Answer :
To determine the time it will take for the water to rise by 2 meters in the tank, we first need to calculate the volume of water required and the rate at which water is flowing into the tank.
Calculate the Volume of Water Needed:
The dimensions of the tank are 200 meters by 150 meters, and the water needs to rise by 2 meters.
[tex]\text{Volume required} = 200 \times 150 \times 2 = 60,000 \text{ m}^3[/tex]
Calculate the Flow Rate of the Pipe:
The dimensions of the rectangular pipe are 1.5 meters by 1.25 meters, and water flows through it at a speed of 20 kilometers per hour.

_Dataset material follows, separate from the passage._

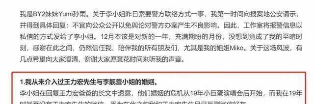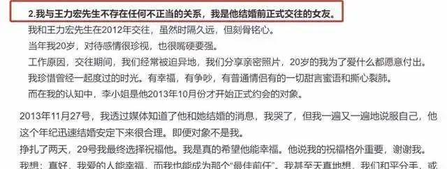 甚至还在文中提到了自己是王力宏结婚之前正式交往的女友,而自己也是在得知两人结婚的消息时才知道自己被分手了。即使文中并提到的事情都让人感觉这就是事情的真相,但是不久之后李靓蕾再次站出来打了她的脸,几句话就让她的几千字辩解成了“竹篮打水一场空”。

First, we convert the speed of water from kilometers per hour to meters per hour:
[tex]20 \text{ km/h} = 20,000 \text{ m/h}[/tex]
The cross-sectional area of the pipe is calculated as:
[tex]\text{Area of the pipe} = 1.5 \times 1.25 = 1.875 \text{ m}^2[/tex]
The volume of water flowing through the pipe in one hour is:
[tex]\text{Flow rate} = 1.875 \times 20,000 = 37,500 \text{ m}^3/\text{hour}[/tex]
Calculate the Time Required:
Now, we find the time required to fill the tank to achieve the required volume:
[tex]\text{Time (in hours)} = \frac{\text{Volume required}}{\text{Flow rate}} = \frac{60,000}{37,500} = 1.6 \text{ hours}[/tex]
To convert hours into minutes, multiply by 60:
[tex]1.6 \times 60 = 96 \text{ minutes}[/tex]
So, it will take 96 minutes for the water to rise by 2 meters in the tank.